Once you hear about Anthea Mairoudhiou’s case, it stays with you. After being placed on furlough during the pandemic, the makeup artist from the UK was asked to reapply for her own job in 2020. An AI screening tool called HireVue, which examined candidates‘ body language during video interviews, was used as part of the procedure. On the skills evaluation, she received a good score. Her body language received a low rating from the AI. She was fired. The following year, HireVue quietly and without much public explanation discontinued its facial analysis feature. This was either a business decision or an admission that the feature had issues. It really is difficult to determine which.
The biggest risk AI poses to workers today is not that it will take their jobs, but that it will prevent them from getting one in the first place, according to Hilke Schellmann, an assistant professor at NYU who wrote a book analyzing these tools. This is something that more people in the industry should probably be saying aloud.
Observing businesses rush to automate the hiring process gives the impression that the promise of eliminating human bias, expanding the pool, and finding better candidates more quickly has somewhat outpaced the data. “We haven’t seen a whole lot of evidence that there’s no bias here,” Schellmann said, “or that the tool picks out the most qualified candidates.” That observation about the tools that currently stand in the way of millions of job seekers and the positions they are applying for is pretty damning.
Gender is not the only issue.
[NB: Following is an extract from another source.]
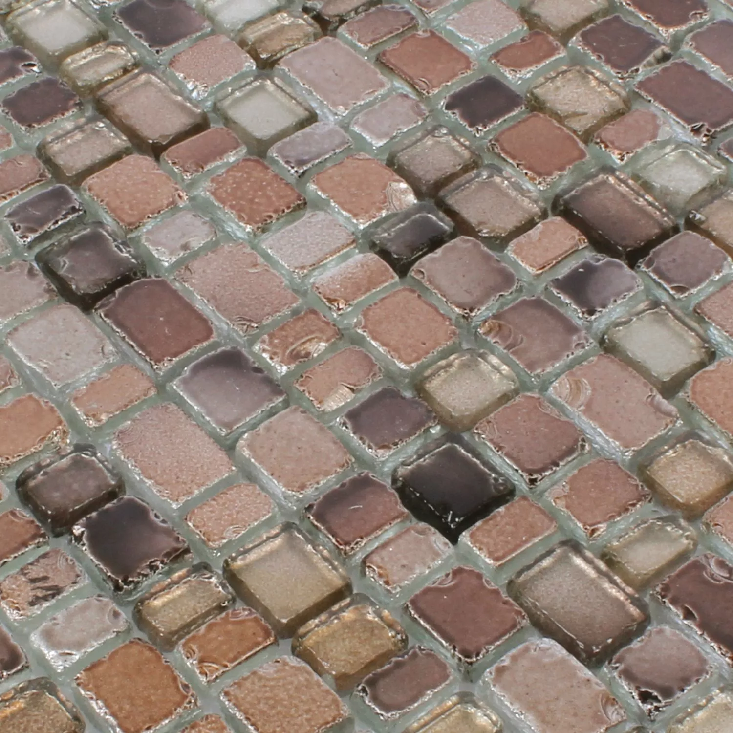 Disse trendy vægfliser fra Glas Roxy-serien i brunt sølv er et godt valg for alle elskere af små mosaikfliser. De smukke glasvægfliser fås i to farvenuancer. Nogle gange er grundfarven på glasmosaikken sort, og nogle gange er den brun. En glasmosaik på væggen er altid nem at vedligeholde, hvorfor disse Glas Roxy mosaikfliser ligner den første dag, de blev lagt, selv efter mange år. Disse vægfliser er det perfekte alternativ til almindeligt tapet og træpaneler. Takket være de mange små sten lavet af glas, hvis overflade skinner subtilt, er der altid nye, spændende looks på væggen, afhængigt af tidspunktet på dagen og lysindfaldet.
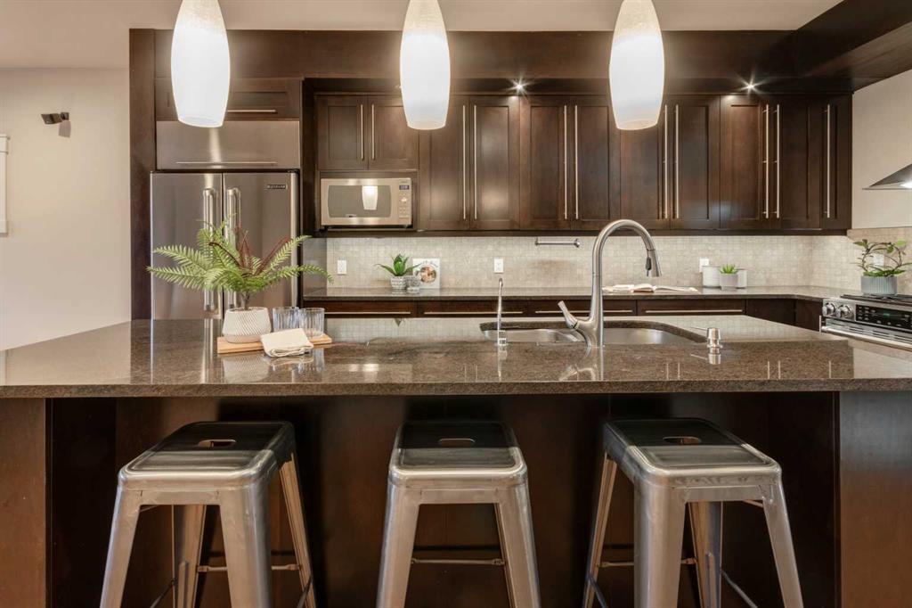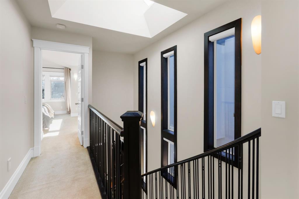 Beautiful family home located on a quiet tree-lined street in the sought after community of Altadore. This spacious 2-storey, 4 bedroom house has a great layout with many standout features including the elegant curved staircase with open risers, 3 gas fireplaces, 3 skylights, built-in cabinetry, built-in speakers, and Hunter Douglas blinds throughout. Brand new hot water tank (November 2025) and roof shingles replaced in 2024. Upon entering the home you will notice the natural light throughout, quality finishing details, and functional layout with spacious room sizes. The foyer has a custom built-in closet, and leads to the bright dining room, roomy enough to accommodate a large dining table along with additional space for a seating area or other dining room furniture pieces. The kitchen offers granite countertops, espresso-stained cabinetry including a built-in wine rack and end of island cabinetry, breakfast bar seating at the island, reverse-osmosis water system, and stainless steel appliances including a Jenn-Air gas range and refrigerator. The kitchen opens onto the living room featuring a gas fireplace, full built-in cabinetry wall, and large windows to enjoy the view of your private yard. The powder room completes the main level. On the upper level you will find the bright primary suite with vaulted ceiling, south-facing balcony, built-in cabinetry, dual-sided fireplace and elegant ensuite with heated floors, dual vanities, soaker tub, and full tiled shower with rain drop shower head and glass door. The two additional bedrooms upstairs are good sizes and are located near the 4-piece bathroom that has one of three skylights, fully tiled shower/tub combo and vanity with granite countertop. Convenient upstairs laundry with storage and a drying rod, and 2 large linen/storage closets complete the upper level. The fully finished basement includes the 4th bedroom, full bathroom with heated floor, family room with gas fireplace and built-in cabinetry, wet bar with beverage fridge and wine shelving, and utility room. Fully fenced private yard with landscaping, composite deck and a double garage with storage shelving. This location has so much to offer! Enjoy Glenmore Athletic Park, River Park, several schools within walking distance, all the amenities that Marda Loop has to offer and easy access in and out of the community. Homes like this do not come on the market in Altadore often so do not delay viewing this great property!

According to research on AI adoption in India, systems developed without conscious consideration for representation run the risk of encoding biases pertaining to caste, religion, and socioeconomic status—replicating, through automated efficiency, the same exclusions that human recruiters have long been accused of. The claim that AI eliminates human bias begins to seem more like a rebranding than a solution in that situation. The prejudice persists. It is disguised as objectivity and laundered through mathematics.
The opacity involved makes all of this more difficult to handle. Theoretically, you can ask a human recruiter to explain why they rejected your application. An algorithm that evaluated your word choices based on ten years of past trends is unable to do so. It’s still unclear if any of the big players—Goldman, LinkedIn, HireVue, and the numerous smaller companies that supply screening software to mid-market HR departments—have created auditing procedures that are thorough enough to identify what they’re overlooking. Some businesses are making an effort. Given how widely these tools are now used, the question of whether trying is sufficient is quite different.